Extract published date from abbreviated and non-ISO formats#251
drstarry wants to merge 3 commits intokepano:mainfrom
drstarry:fix/time-element-parse-text

Conversation

@drstarry
Copy link
Copy Markdown

Symptom

Two related bugs when extracting the published date from pages with non-ISO or non-sibling date layouts.

Case 1 — JSON-LD ships non-ISO strings. Some publishers emit schema.org structured data like "datePublished": "Oct 20, 2025" instead of the ISO 8601 format the spec requires. Defuddle returned the raw string, which downstream consumers then passed to new Date() — hitting V8's year-2001 fallback for incomplete date strings (new Date("Oct 20")2001-10-20).

Case 2 — Date lives in an h1 cousin subtree. Other pages have no JSON-LD date at all and structure their markup so the date is a descendant of an h1 sibling's sibling, not the h1 itself. Defuddle's existing h1.nextElementSibling walk couldn't reach it and returned empty.

Both patterns show up on live Anthropic pages — the news section hits case 1, the engineering section hits case 2.

Fix

Three complementary changes in src/metadata.ts:

  1. parseDateText accepts month abbreviations. Jan, Feb, Sept, Oct, etc. in addition to full month names. A shared MONTH_PATTERN keeps the day-first and month-first regexes in sync.

  2. getPublished normalizes all source paths through parseDateText. JSON-LD, meta tags, abbr elements, and time elements now pass through the parser before returning. ISO strings fall through unchanged; natural-language strings get normalized to YYYY-MM-DDT00:00:00+00:00.

  3. h1-proximity search walks ancestors. When h1.nextElementSibling finds nothing, the search walks up to three ancestor levels and scans their p and time descendants. This scopes the search to the article header area without scanning the whole document.
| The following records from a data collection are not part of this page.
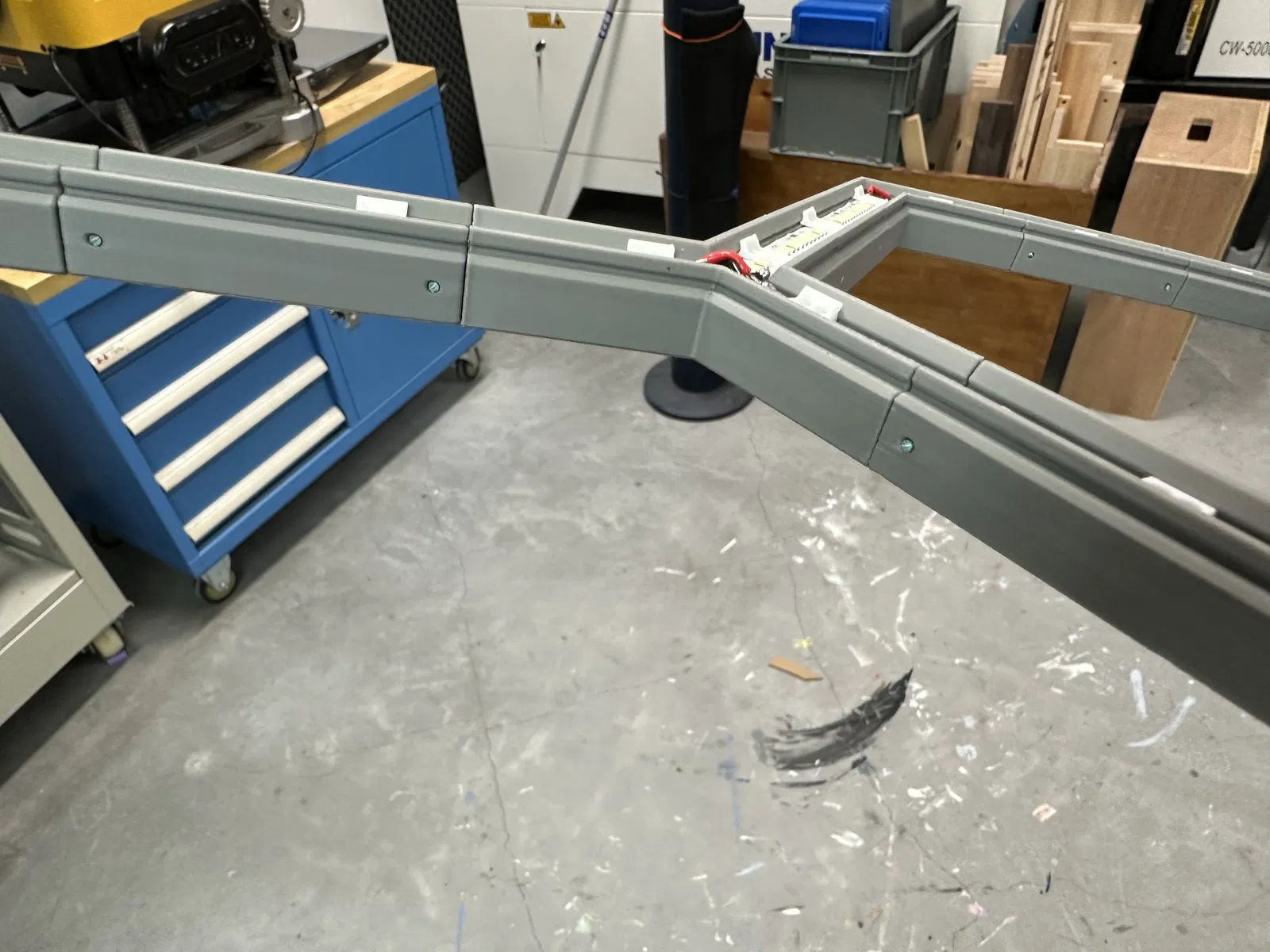 Thiết kế đầu tiên của tôi bao gồm việc dán các bộ phận đỡ vào các bộ phận khung để tăng độ bền, và vẫn cần các bộ phận hỗ trợ bổ sung cùng với nắp đèn để đạt được độ cứng chấp nhận được. Khi thiết kế hệ thống này, tôi muốn tránh bất kỳ bộ phận hỗ trợ bổ sung nào. Các bộ phận khung khá dày, nhưng chúng rất chắc chắn. Khi xây dựng một đèn có kích thước tương đương, hệ thống mới có độ cứng cao hơn chỉ với các bộ phận khung so với đèn đầu tiên với tất cả các lớp được dán lại với nhau. Nói về keo...
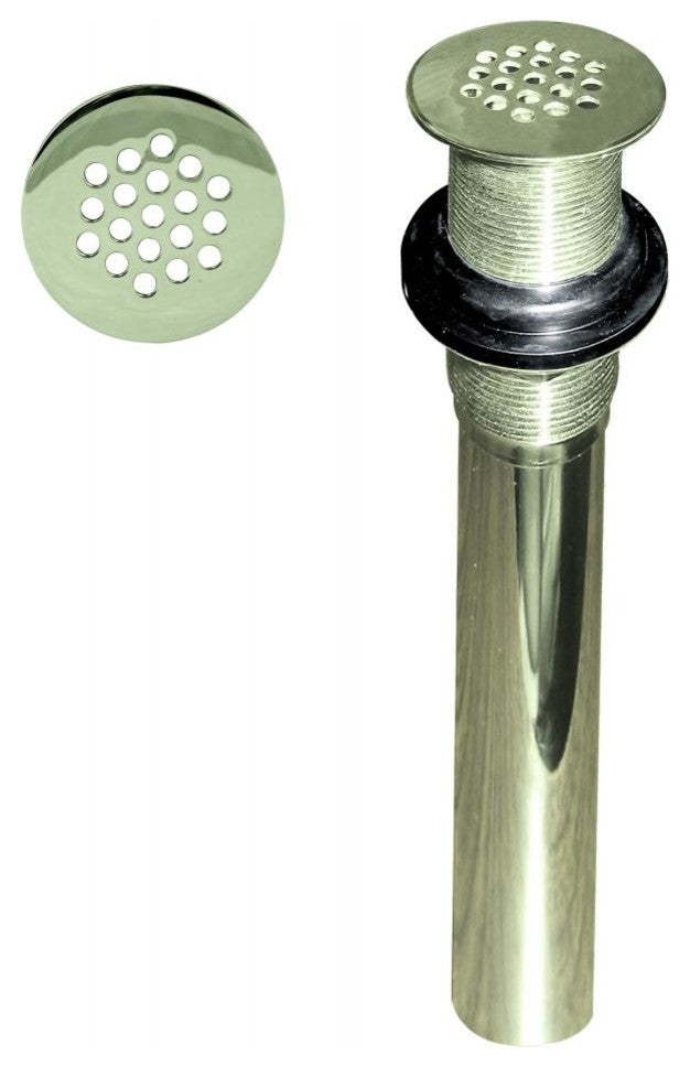 This attractive grid strainer style drain is ideal for most vessel and bars sinks without overflow. Its 19-hole construction and stylish finish make the perfect solution for any decorative bar or vessel sink! Finished top and bottom, the drain is useful for hidden or exposed installations. You''ll be able to appreciate both the beauty and performance of this item for years to come thanks to superior quality finishing and solid construction.
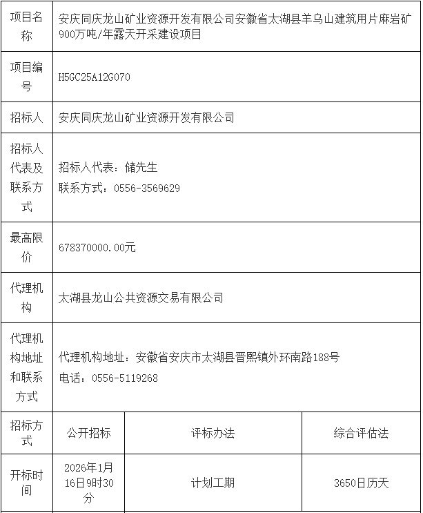 據(jù)了解,該項目擬建地點位于安徽省太湖縣城西鄉(xiāng)、江塘鄉(xiāng),建設(shè)一座年產(chǎn)900萬噸片麻巖礦。招標內(nèi)容包括礦山建設(shè)、礦山剝離、穿孔爆破、鏟裝、產(chǎn)品銷售等。合同估算價約67837萬元;計劃工期3650日歷天。
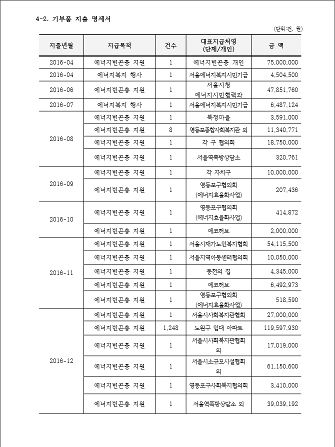 2016년 후원 결산
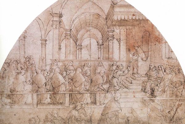 Editor: This drawing by Jan van der Straet, dating from 1523 to 1605, is entitled "Drawing for a Tapestry with the Story of Ulysses and Diomedes." It's ink on paper, currently held at the SMK in Copenhagen. The muted sepia tones and the somewhat frantic line work give the drawing a busy, almost chaotic feel. What do you see when you look at this piece? Curator: I observe a conscious manipulation of form intended to communicate meaning. The artist's lines delineate figures within distinct visual registers, creating a sophisticated visual hierarchy. Note the ornamental border. Editor: It does have an interesting decorative quality! Curator: Indeed, that border’s elaborate structure visually contrasts with the central narrative panels, establishing two levels of engagement for the viewer. The juxtaposition suggests the relationship between artifice and event, or frame and content. The composition as a whole appears designed for dissemination. What is your take on its construction? Editor: Well, that wasn't what I was initially seeing. I was getting more of a sense of, the frantic movements, and a dynamic almost overflowing scene, but I'm beginning to appreciate the levels on which the tapestry interacts! Curator: Exactly. The artist utilizes pictorial space and surface contrast to reinforce intellectual readings of narrative themes, so that the design ultimately encourages a multifaceted and perhaps conflicted viewing experience. The semiotic richness encourages diverse interpretations based upon art appreciation itself. Editor: Thank you, it helps reframe my entire perception of the artwork's narrative! Curator: Indeed. That, after all, is the beautiful thing about form; it always finds function in unexpected ways.
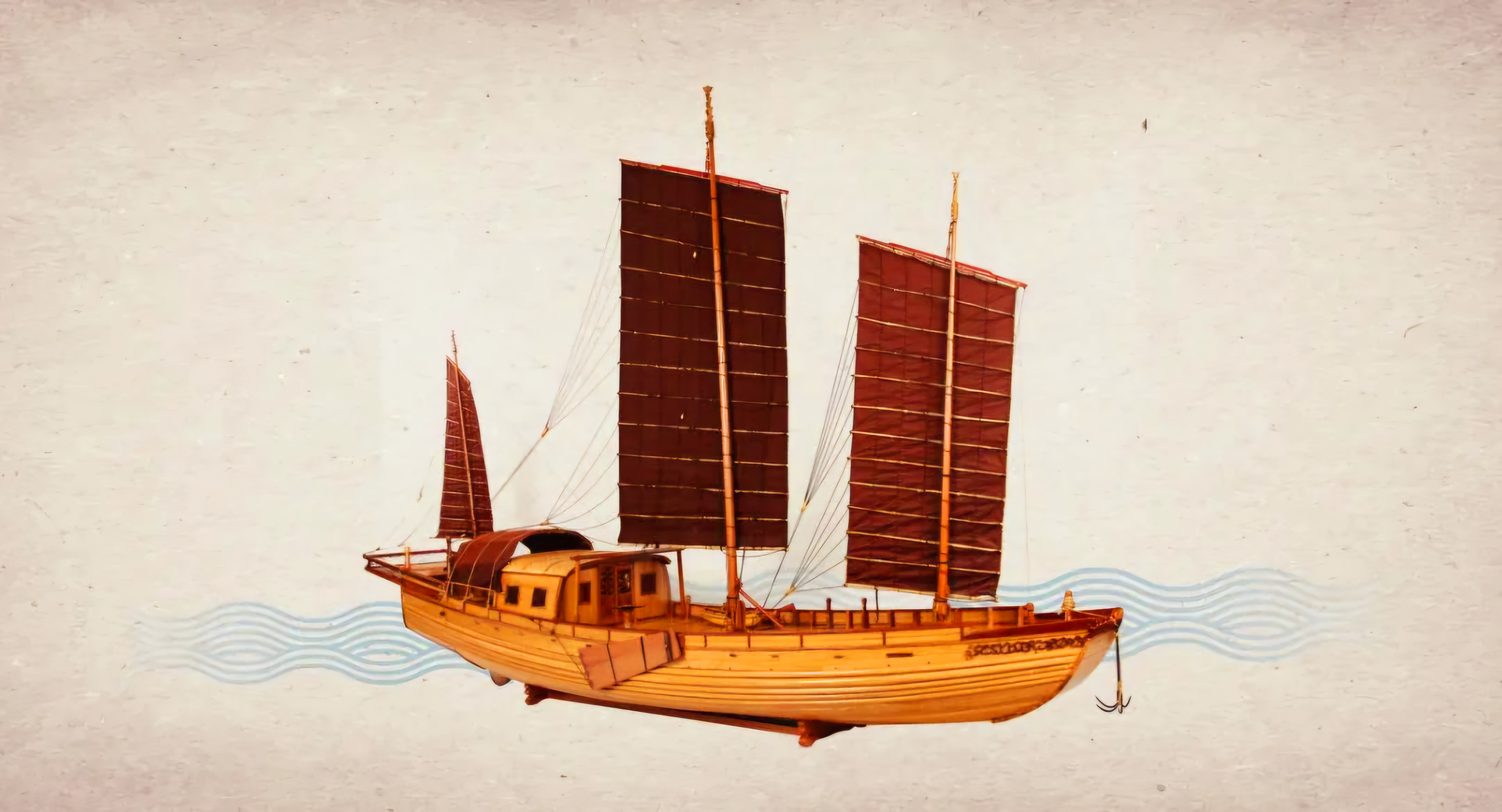 배 모양으로 보아 처음에는 명청明清시대 상해 지역 수상 운송에 활용된 평저사선平底沙船이 아닌가 했더랬다.
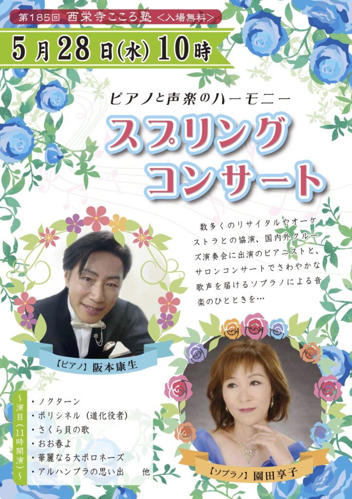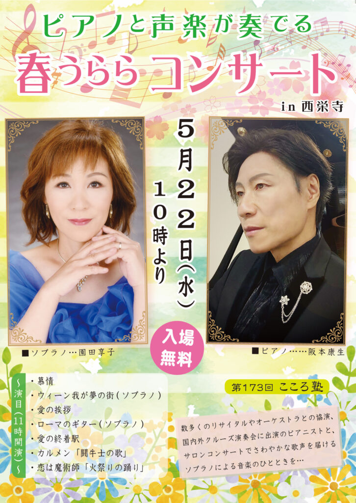 5月のこころ塾は?!数多くのリサイタルやオーケストラとの協演、国内外クルーズ演奏会に出演のピアニストと、サロンコンサートでさわやかな歌声を届けるソプラノによる音楽のひとときを… 開催場所 大本山大阪本坊 開催日時 2025年5月28日(水)10時スタート -
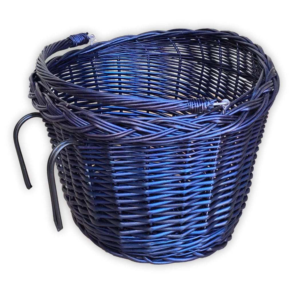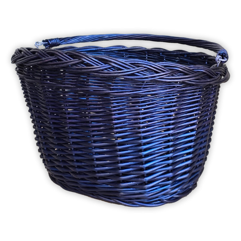 Kormányra akasztható, ovális, fonott kerékpár kosár, lehajtható füllel.
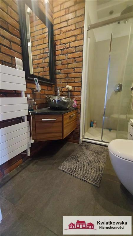 • Łazienka: nowoczesna, wykończona w stylu minimalistycznym, z kabiną prysznicową typu, pralką i eleganckimi detalami.
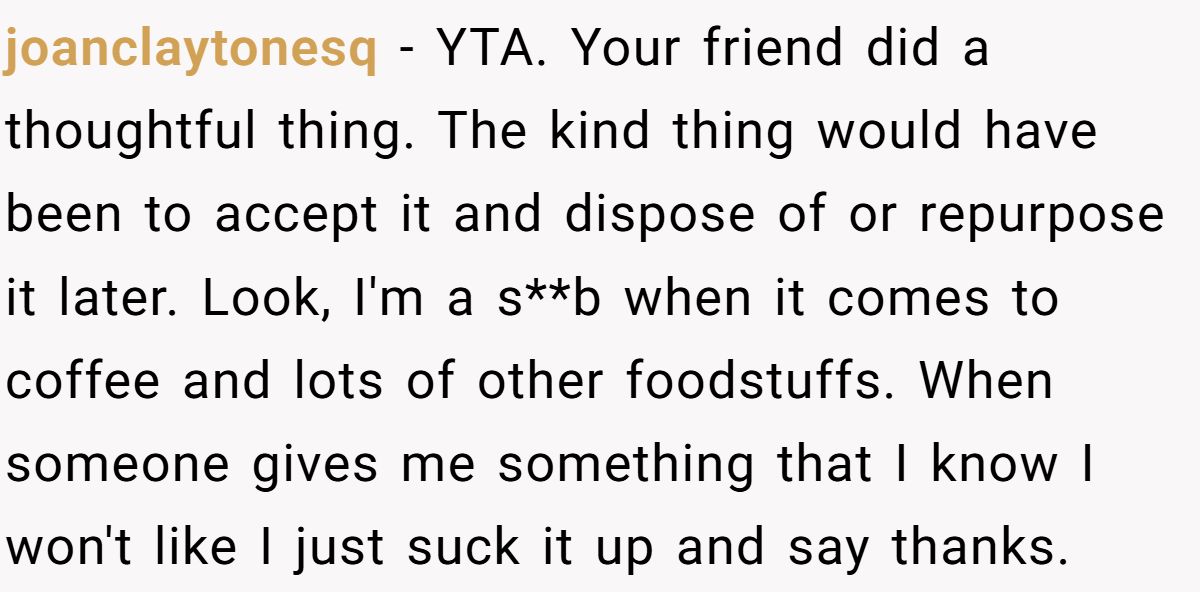 Commenters stressed that gifts are about thoughtfulness, urging him to say thanks and repurpose the coffee rather than reject it outright
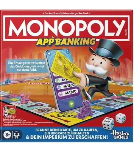 """Die App verwaltet das Geld, gespielt wird auf dem Feld. Monopoly App Banking ist das erste App-unterstützte Monopoly-Spiel mit einer einfachen Geldverwaltung, Minispielen und mehr! Während die Spieler das klassische Monopoly auf dem Spielplan genießen, übernimmt die App die Funktion der Bank und des Bankhalters. Kein Bargeld. Kein Zählen! Um zu beginnen, wird die ''Monopoly App Banking App heruntergeladen (zum kostenlosen Download – es können Datentarife und In-App-Käufe anfallen) und ein Smartgerät auf dem beiliegenden Ständer platziert. (Gerät nicht enthalten.) Jeder Spieler sucht sich eine Bankkarte und die dazugehörige Spielfigur aus und zieht dann über einen Spielplan voller fantastischer Besitztümer. Besitzrechtkarten scannen und kaufen, Auktionen starten und Miete kassieren # all das funktioniert mit der App. Für noch mehr Spaß stehen sogar Minispiele zur Verfügung! Es bietet im Vergleich zum klassischen Monopoly einen schnelleren Spielverlauf und eignet sich prima für zwischendurch oder einen Spieleabend mit der Familie. App-Spiele und Familienspiele sind tolle Geschenke für Kinder ab 8 Jahren, die auch ''Monopoly Banking und andere Monopoly-Spiele mögen. Die Titel Hasbro und Monopoly sowie die dazugehörigen Logos, die Gestaltung des Spielplans, die vier Eckfelder, Name und Figur des Mr. Monopoly sowie alle Elemente des Spielplans und des Spielzubehörs sind eingetragene Marken von Hasbro, Inc. für das Monopoly-Gesellschaftsspiel inklusive Spielausstattung.""" ...
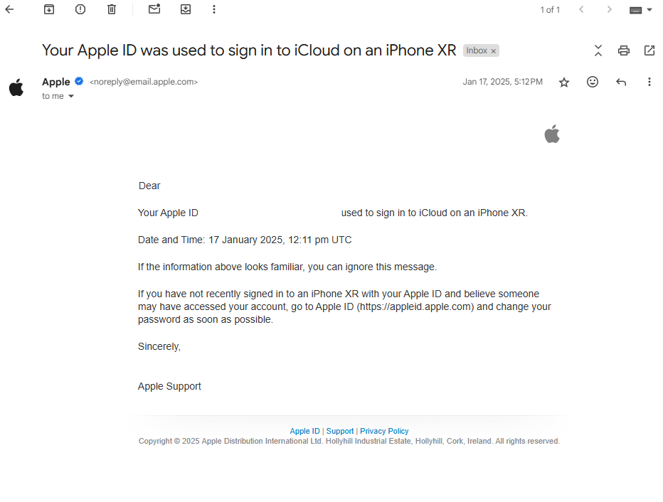 * Official Apple Email Notification: I possess an official email from Apple, sent to my KAM****15@gmail.com address, with the subject "Your Apple ID was used to sign in to iCloud on an iPhone XR." This email, dated January 17, 2023, at 12:11 PM UTC, explicitly confirms: "Your Apple ID KAM****15@gmail.com was used to sign in on iCloud on an iPhone XR."
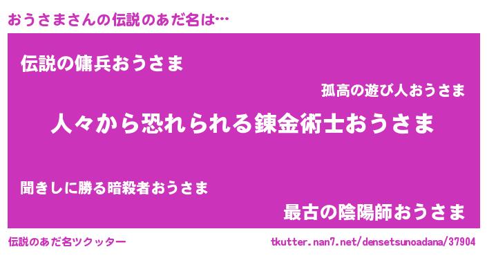 | 男性向けラノベタイトル風あだ名 | 『おまえをオタクにしてやるから、俺をおうさまにしてくれ! 』 |

// 1. Shared month pattern (abbreviations + full names, optional trailing period)
private static readonly MONTH_PATTERN =
    '(Jan(?:uary)?|Feb(?:ruary)?|Mar(?:ch)?|Apr(?:il)?|May|Jun(?:e)?|Jul(?:y)?|Aug(?:ust)?|Sept?(?:ember)?|Oct(?:ober)?|Nov(?:ember)?|Dec(?:ember)?)\\.?';

// 2. Normalize all getPublished sources
if (result) return this.parseDateText(result) || result;

// 3. Walk h1 ancestors when forward-sibling search fails
let ancestor: Element | null = h1.parentElement;
for (let depth = 0; depth < 3 && ancestor; depth++) {
    for (const child of Array.from(ancestor.querySelectorAll('p, time'))) {
        if (child === h1 || h1.contains(child)) continue;
        const parsed = this.parseDateText(child.textContent?.trim() || '');
        if (parsed) return parsed;
    }
    ancestor = ancestor.parentElement;
}

This PR supersedes #248 — it subsumes the <time> element text parsing fix from that branch and expands it to cover the JSON-LD and cousin-subtree cases that showed up in real Anthropic pages.

Tests

  • New unit tests (tests/parse-date-text.test.ts) — 11 cases covering full names, abbreviations, day-of-week prefixes, and ISO fall-through
  • New fixture metadata--json-ld-natural-date.html — reproduces the JSON-LD "Oct 20, 2025" pattern
  • New fixture metadata--h1-cousin-date.html — reproduces the cousin-subtree layout
  • New fixture metadata--time-element-no-datetime.html — (from prior branch commit) reproduces <time>April 8, 2026</time> without a datetime attribute
  • Updated expected math--katex.md"""2020-04-29T00:00:00+00:00"; the fixture contains "29 Apr 2020" which the expanded parser now matches. This was previously a silent miss.
  • Updated expected general--www.figma.com-blog-introducing-codex-to-figma.md"February 26, 2026""2026-02-26T00:00:00+00:00"; the JSON-LD normalization now converts it. Also previously a silent miss.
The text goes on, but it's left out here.